I’ve just been to Wal-Mart, one of my least favourite places on earth.
I find it overwhelming at the best of times, with signs and specials blocking my every step, more stuff than I could imagine ever being interested in buying, and ponderous souls pushing carts oh-so-slowly in front of me, keeping me from my destination as their rocking steps become slower and slower.
I had two thoughts:
I’d rather be writing.
I’m here for the kitty litter.
My first sight upon stepping through the sliding doors was the lady in the blue vest doling out with great compassion the shopping carts. I accepted one, and then had to wait while the person in front of me organized herself and her cart into the slow waddle I was destined to follow to the pet supplies aisle at the farthest corner of the store. Eventually I got around her, and made my way past Cheez Whiz displays and such, dodging small seniors intent on stocking up on Whiz.

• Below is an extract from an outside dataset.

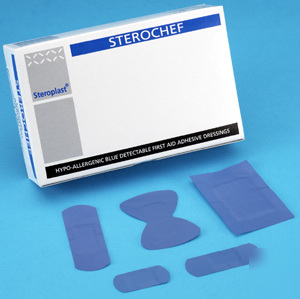 STEROCHEF Assorted Blue Adhesive Plasters Boxed in 100

The pet supplies aisle was blessedly empty; my 18-kilogram box of kitty litter within safe reach on a waist-high shelf. But when I tried to swing it into place, it knocked the cart, sending it on a lazy, squeaking trip down the aisle. I and the thousand-kilo kitty litter chased it as far as the dog biscuits, where it settled to a stop and I wrenched my back with the weight of the kitty box. Soft curses ensued as I waddled my cart slowly to the cashier. It took me ten minutes to get there.

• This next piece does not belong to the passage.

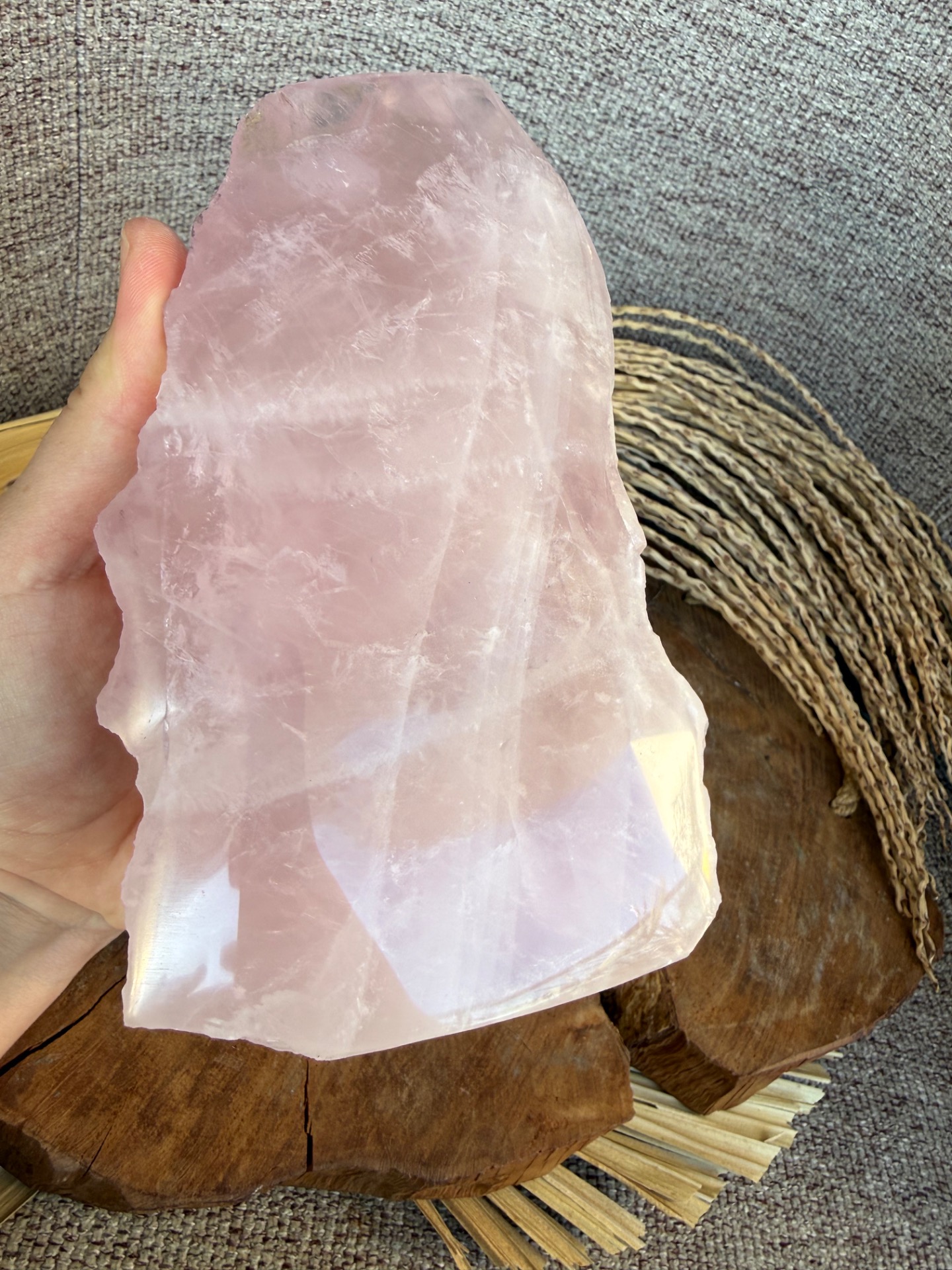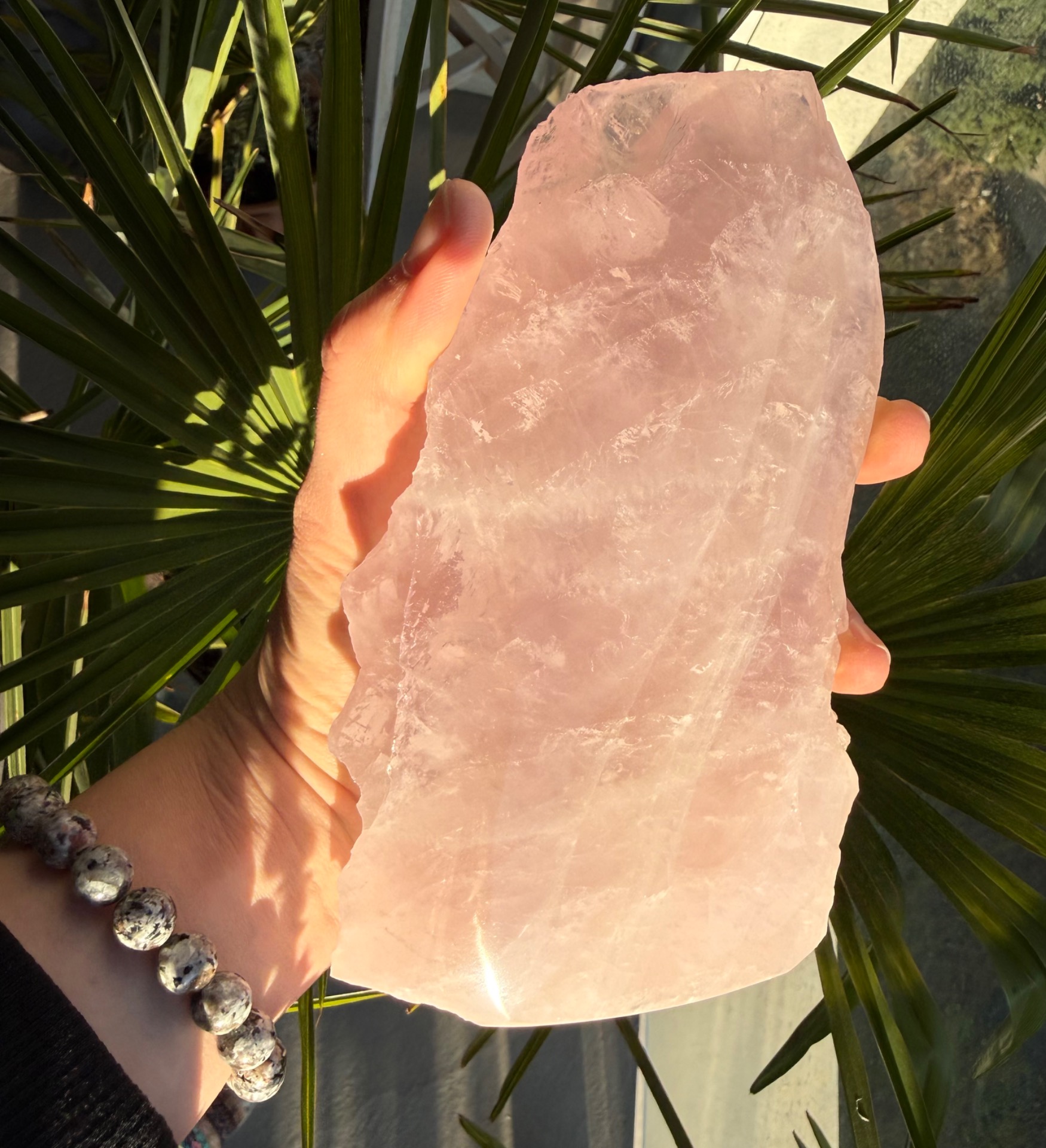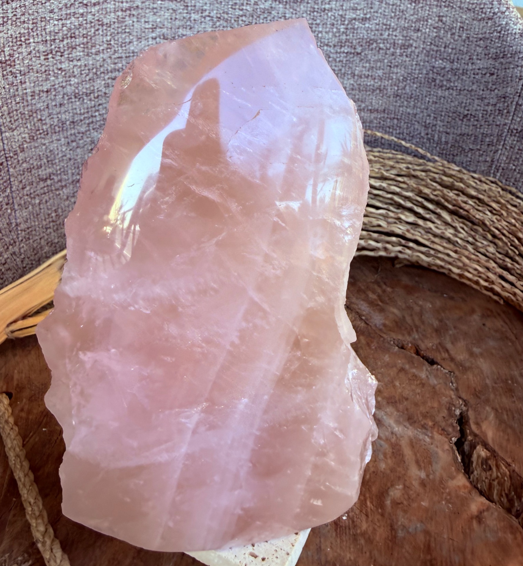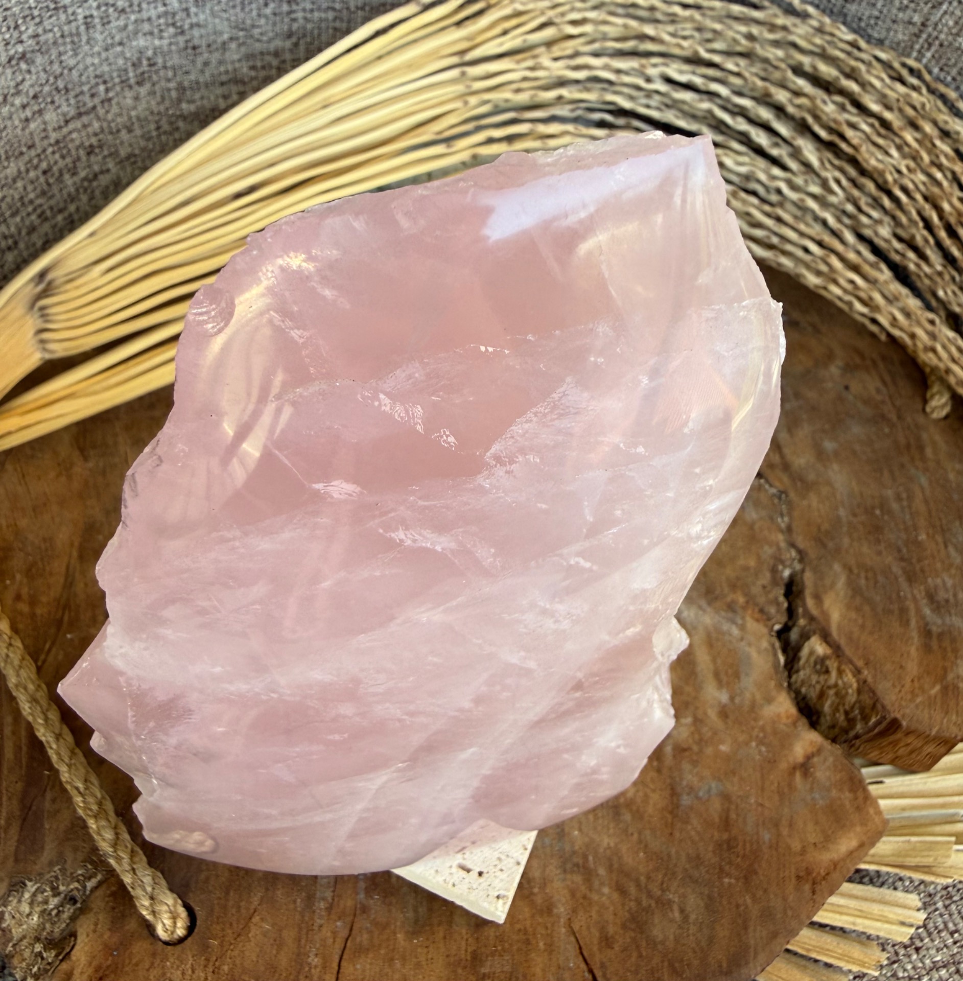 Jedna strana je precízne leštená, čo zvýrazňuje jemnosť, čistotu a nežnú vibráciu kameňa. Druhá strana zostáva v surovom prírodnom stave, čím pripomína jeho autentický pôvod a silu Zeme. Tento kontrast vytvára dokonalú rovnováhu medzi jemnosťou a prirodzenou silou.
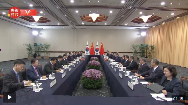 在今年这次会见中,习主席说,无论形势如何变化,中韩两国都应该坚守建交初心,坚定睦邻友好方向,坚持互利共赢目标,发挥地理相邻、文化相通、经济相融优势,加强交流,深化合作,推动中韩战略合作伙伴关系健康稳定发展。

The woman at the cash greeted me with a wide smile. Her front teeth were separated by a formidable gap, and her eyes smeared with disco-era green shadow. There was warmth in those eyes – while I paid for my kitty litter, she called me both “honey” and “sweetheart,” and seemed to mean it. I thanked her.
As I wheeled past the shopping cart lady in the blue vest, she wished me the best possible day in a voice rich with sincerity. I thanked her also.
Being called “honey” and “sweetheart” and being wished the best possible day by the ladies at Wal-Mart could only lead to one thing: I’ve had, in fact, the best possible day.